Empty video cassette boxes seem to be a commonality with perfectionist personalities that tend toward hoarding. I've had to argue to get empty boxes thrown out around here at times. It's amazing what having a house turned inside-out for remodeling will do to throwing out things, however!

#11 ::: Paul ::: (view all by) ::: December 05, 2003, 10:14 AM:

There is a brilliant weekly television programme in Japan called "Gomi Yashiki" ("Garbage Houses") in which they do a similar sort of thing: finding garbage houses, and then cleaning them up. They also look at the reasons for which people have ended up in such situations. Often, the back story is quite tragic.

Unlike the programmes that Stephanie mentioned, the houses on "Gomi Yashiki" are real garbage houses - one episode featured a room that was several centimetres deep in pigeon droppings; in another, a woman was living in a space about 2m by 1m surrounded by bags full of refuse.

The best aspect of the programme, though, is that the makers of the programme persuade the garbage house owners to let them help clear up the houses - often requiring them to earn the trust of the owners. When they succeed in turning the houses back into places to live, the happiness and gratitude of the subjects, most of whom had long since given up on being able to sort out the chaos, is very touching and heartwarming.

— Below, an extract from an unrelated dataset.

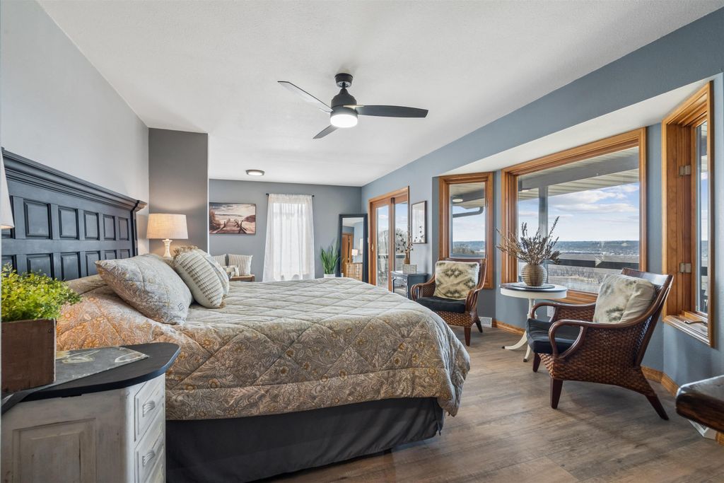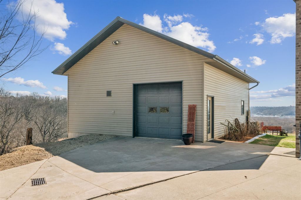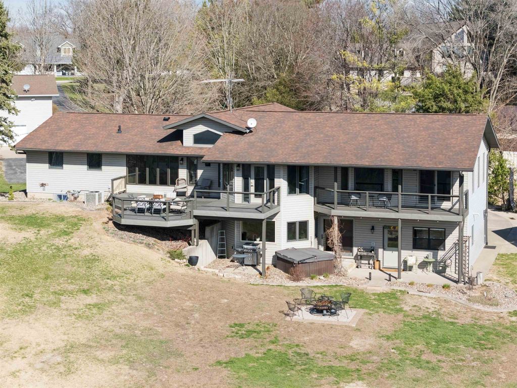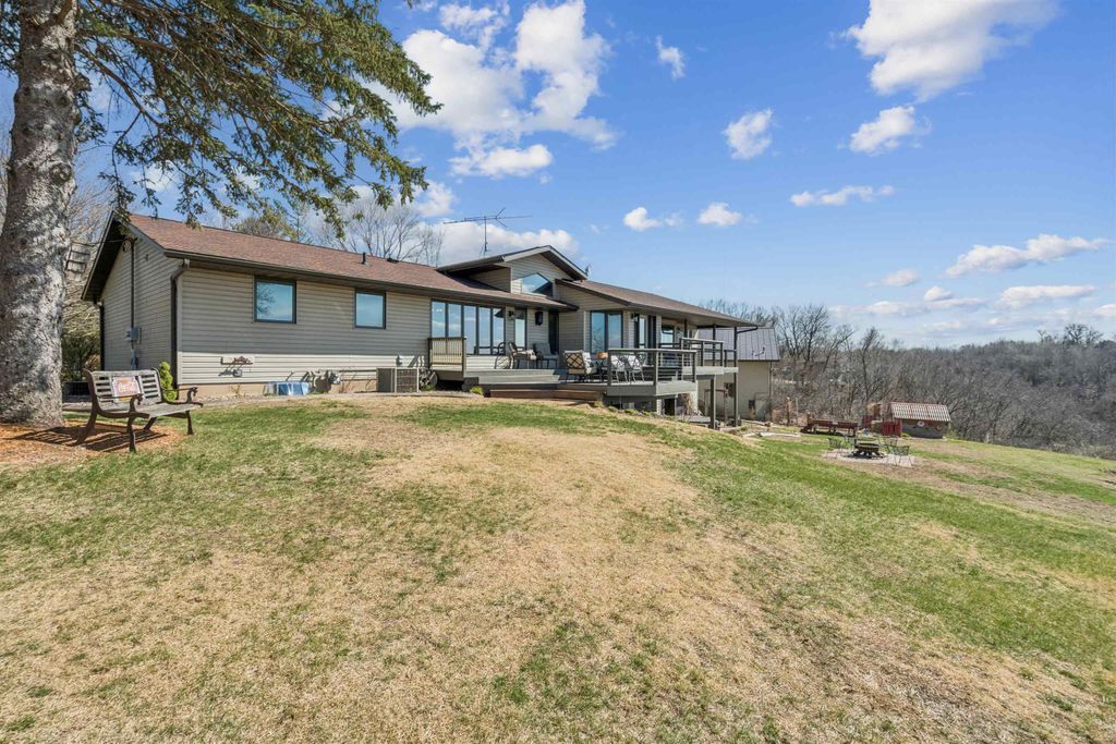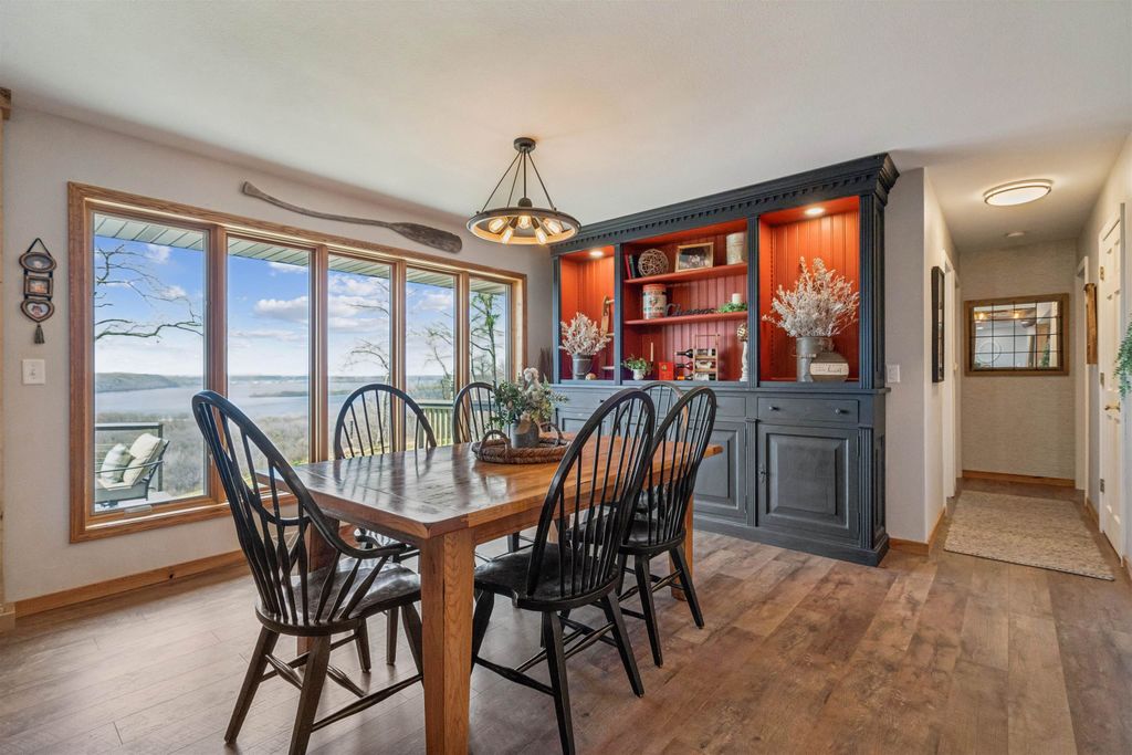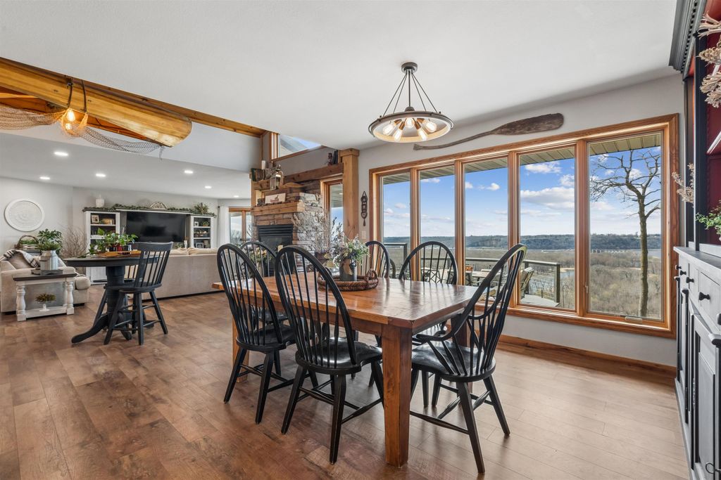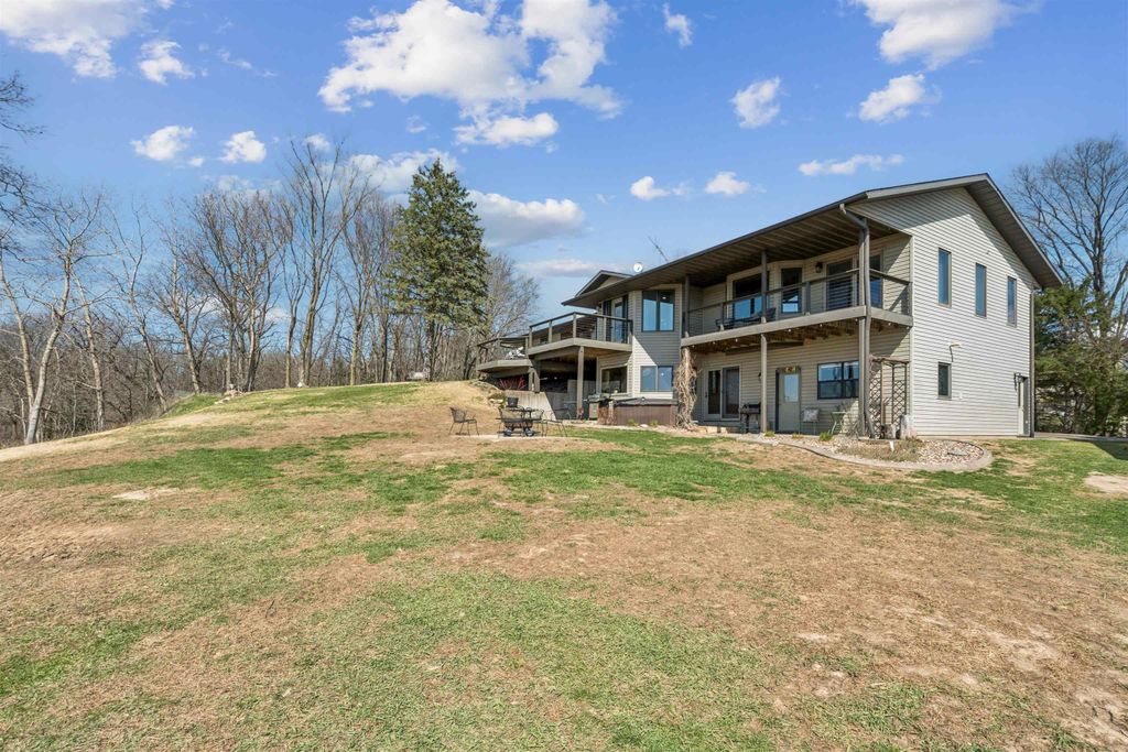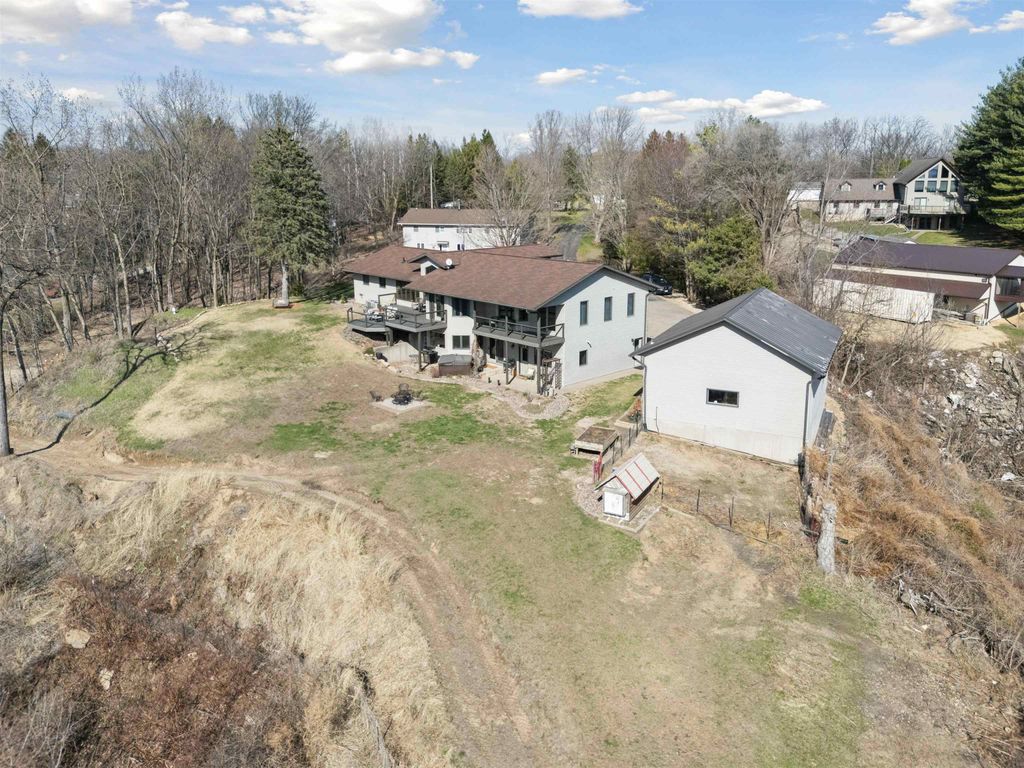 Perched above the Mississippi River in Hazel Green WI, this exceptional residence captures panoramic views from nearly every room, offering a truly elevated living experience just minutes from Dubuque. The main level features an open-concept design with expansive windows, three bedrooms, and two baths, seamlessly connecting to a private deck overlooking the river where the views continue to impress. The lower level is equally impressive, complete with a full second kitchen, additional bedroom, bath, and generous living space, ideal for guests or multi-generational living. A 3-car attached garage and detached heated shop provide both convenience and versatility. Blending refined comfort with breathtaking natural beauty, this is a rare opportunity to own one of the area's most captivating view properties.
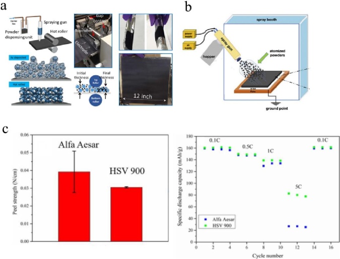 干噴沉積(DSD):Ludwig等人開發(fā)了一種將干噴沉積和熱軋相結(jié)合的方法,用于制造LCO電極(圖3a)。噴槍給帶電的干顆粒充電,帶電顆粒吸引到集流體上沉積,最終的電極通過熱軋工藝制造而成。這種方法具有良好的靈活性。由于其獨(dú)特的粘結(jié)劑分布,在機(jī)械強(qiáng)度和電化學(xué)性能方面略優(yōu)于傳統(tǒng)的電極。Al-Shroofy等人利用干噴沉積制造了NMC陰極(圖3b)。NMC、PVDF和碳黑進(jìn)行干混后,通過靜電噴槍噴灑到接地的鋁箔上,形成干式電極。PVDF的分子量的增加可以提高電極與鋁基材之間的剝離強(qiáng)度,同時(shí)較高分子量的PVDF制造的電極高倍率性能更好(圖3c)。DSD也可用于制造陽(yáng)極。Schälicke等人使用不同的氟熱塑料制造石墨陽(yáng)極,制造的石墨電極具有與傳統(tǒng)涂布制造的電極相媲美的電化學(xué)性能。DSD適用于各種常見活性材料顆粒。然而,該技術(shù)在大規(guī)模生產(chǎn)和控制電極厚度方面存在一些限制,且與當(dāng)前的鋰電池生產(chǎn)設(shè)備不兼容,其效率較低。目前對(duì)DSD的研究仍僅限于實(shí)驗(yàn)室。

Although the programme could be seen as exploitative, the fact that the faces and voices of the inhabitants are obscured goes a long way in countering this potential problem. And it's really wonderful to see what a positive difference can be made to people's lives.

#12 ::: Mary ::: (view all by) ::: December 05, 2003, 05:28 PM:

For a kinder, gentler take on this, I'll post my first comment here. My husband, rest his soul, would have been living among piles of clutter had he not been married to me. Although he was a brilliant man, he had Asperger's Syndrome, a mild form of autism (more on my blog entry The Insulated Jar), and one of his quirks was an inability to throw certain things away.

I was fairly vigilant, but allowed certain things to pile up; plastic bags, after all, don't take up much room, do they? Our store room was piled with plastic bags filled with plastic bags, literally to the ceiling. I'd finally had enough and cleared them all out. My husband's saving grace was his sense of humor. After the very next trip to the grocery store, he grabbed the plastic bags, hugged them to his chest, and said "Don't worry, I'll save you from the bad lady" as he carried them downstairs to the storeroom.